The cinema originally opened as The Gaumont Palace Theatre in 1933, it became The Gaumont in 1937. The iconic dancing figures on the facade of the building were designed by renowned sculptor Newbury Abbot Trent.
The cinema became The Odeon in 1962, and played host to the likes of The Beatles and The Rolling Stones. The Odeon finally closed on the 5th November 2006.

For more information about The Odeon go to http://www.gloucestershireonscreen.co.uk/screens

Thank you to luke1081 for that link.

A photo of The Odeon, taken in April 1999.







Some photos of The Odeon, taken in May 2000. I apologize for the quality of these photos, they were taken with non digital equipment.











The Odeon as it is today.











Part of Newbury A Trent's design in detail


























December 2010


----------



## Fuzzypiggy (Oct 5, 2010)

Looks pretty unique, the motifs on the outside walls are nice. 

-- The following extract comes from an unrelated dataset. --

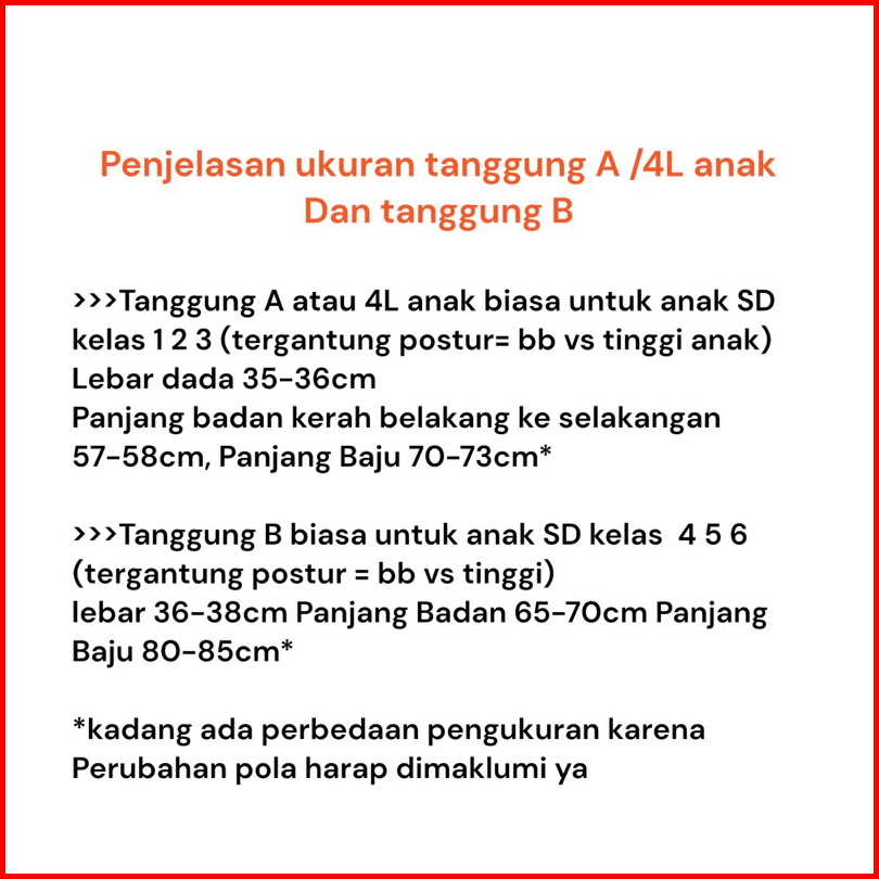 Tanggung B merah, Tanggung A merah, Tanggung A biru, Tanggung B Abu, Tanggung B Kuning, Tanggung B biru

Funny you raise this. I have had my eye on the "kino" in Harlow town centre. It's been closed for must be close on 10 years now. Boarded up and just seems such an interesting place from the outside.


----------



## Priority 7 (Oct 5, 2010)

fuzzy if you do the Harlow one can I tag along used to work in the area and old cinemas look so feature rich from what I have seen..as a kid I had always wanted to be in the little room with all the films and the projector


----------



## Lady Grey (Oct 5, 2010)

Fuzzypiggy said:


> Looks pretty unique, the motifs on the outside walls are nice.
> 
> Funny you raise this. I have had my eye on the "kino" in Harlow town centre. It's been closed for must be close on 10 years now. Boarded up and just seems such an interesting place from the outside.



I wouldn't leave it too long, these places will not be around forever


----------



## TiJayLFS (Nov 8, 2010)

The Harlow Odeon will be around for a while, if the owner is the guy I'm thinking of then he doesn't seem too willing to sell it off anytime soon.


----------



## Lady Grey (Nov 8, 2010)

Post deleted by Lady Grey.


----------